=== Begin Enclosure ===

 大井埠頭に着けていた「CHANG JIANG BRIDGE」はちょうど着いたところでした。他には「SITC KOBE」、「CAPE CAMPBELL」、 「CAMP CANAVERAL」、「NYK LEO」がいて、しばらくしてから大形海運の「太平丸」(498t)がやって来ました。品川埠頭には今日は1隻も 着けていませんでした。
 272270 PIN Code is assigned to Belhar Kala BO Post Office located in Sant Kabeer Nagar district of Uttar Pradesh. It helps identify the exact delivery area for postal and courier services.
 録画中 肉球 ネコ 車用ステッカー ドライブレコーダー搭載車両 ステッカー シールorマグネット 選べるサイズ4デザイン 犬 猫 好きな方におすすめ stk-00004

=== End Enclosure ===

## INSTRUCTIONS TO FOLLOW
The "272270 PIN Code" line through the last line above: set these down exactly and add nothing else.

## RESULT BELOW
 272270 PIN Code is assigned to Belhar Kala BO Post Office located in Sant Kabeer Nagar district of Uttar Pradesh. It helps identify the exact delivery area for postal and courier services.
 録画中 肉球 ネコ 車用ステッカー ドライブレコーダー搭載車両 ステッカー シールorマグネット 選べるサイズ4デザイン 犬 猫 好きな方におすすめ stk-00004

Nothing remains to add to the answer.